Now, unfortunately, my two dislikes.

  1. Number one is Rowling’s use of Deus ex Machina. In the first book, Harry survives the Quirrell’s assault because he was protected by his Mother’s love. Albeit a stylized salvation, to simply end a climax by saying he was burned by love is pretty much phoning it in by my thoughts. In book two, Harry is first saved by Fawkes the phoenix when he blinds the basilisk and delivers the sorting hat which produces Gryffindor’s sword. Then he saves a dying Harry by producing tears that have healing abilities. Here Rowling has built into the early part of the story the significance of Fawkes and his abilities but even so, it still stands to serve as a “Just in time” salvation. As the books progress, the usage lessens or at least is subtle in its application which could account for the maturing tone of the novels over time.
  2. My other dislike is Rowling’s attention to detail.

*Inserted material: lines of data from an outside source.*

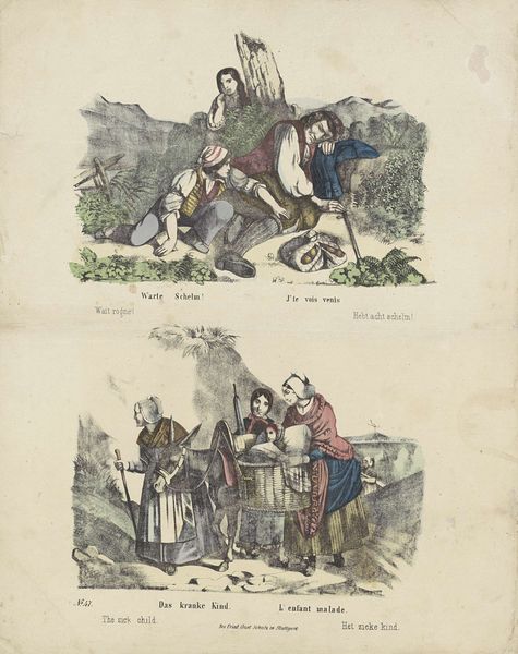 This lithograph titled "Een avond op het land" presents a series of vignettes that capture scenes from rural life. Each scene, bordered in its own little world, uses colour and form to tell its story. Consider the composition: the layout organizes the narratives, creating a visual rhythm as the eye moves from one domestic moment to the next. The colour palette is muted, dominated by earthy greens, browns, and greys, perhaps to emphasise the simplicity and ordinariness of the agrarian setting. De Ruyter & Meijer’s choice of scenes is particularly striking; a man chopping wood and a family at a water trough. These choices create a semiotic field, where each sign – the axe, the animals, the clothing – points to a larger discourse on the role of labour, nature, and community. The interplay of these visual and thematic elements reflects a structuralist approach to art, where meaning is derived from the relationships between different parts of the artwork and how they function within a broader cultural framework.
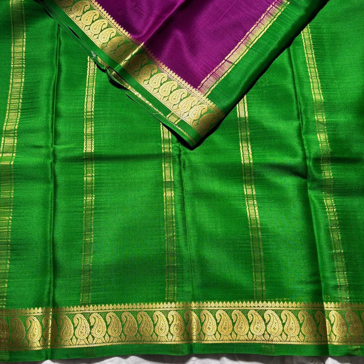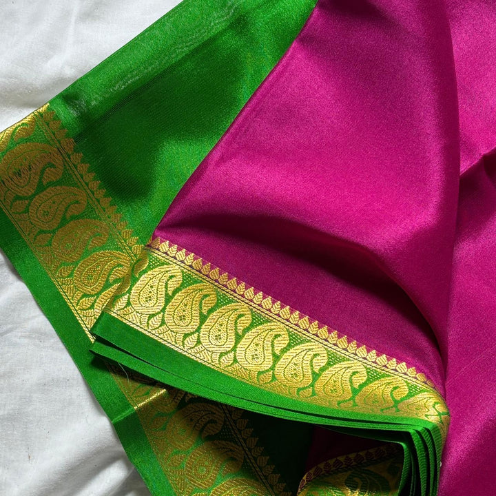 Exquisite Pure Mysore Silk in Mittai Pink shade comes with a beautiful Contrast Green pallu and blouse.
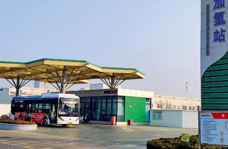 (在山東濰坊市濰柴加氫站內(nèi)加氫的公交車。圖/濰柴動力)

To say that she is overly descriptive sounds wrong. Her world is fully realized and her intention in moving the story from point A to point B is sound. However, over time you begin to build up an attachment with certain characters who either become important in terms of development of story or just because they accentuate the action in the right spot.

    Case in point, Lupin and Tonks. Remus was a childhood friend of James and Sirius. He is an important part of Harry’s life in the third book but he stays out of Goblet of Fire. He comes back as part of books five and six but then only pops in and out of the story at certain moments in book seven to either deliver news or be sent away as a coward by Harry. He is regarded as a master duelist, yet he is hardly referenced at all in the Battle of Hogwarts except for whom he was fighting and that he died. The same goes for Tonks who has the same amount of action and is ultimately killed. Preference over character appearances aside, it’s the assumption of how both characters died that gets me. Both of them are seen sparsely during the battle and they are both killed off page. He get no real explanation other than the assumption that they were killed by their duelers. We get this passage about Fred dying and being placed in an alcove away from battle, but nothing about Lupin or Tonks. And what about Cho Chang and Lavendar Brown, did they survive? Accoding to the book, it's unclear, although Rowling states in an interview that Cho married a muggle. But what about Lavender? She was being attacked by Greyback and then Trewlaney smacked him in the head with a crystal ball. Did she survive? It seemed as if Rowling had too much going on and some to a footnote or explained afterwards. You see a lot of this over saturation of characters in television shows when cast members are continually added to an ensemble, creating a traffic jam of plotlines.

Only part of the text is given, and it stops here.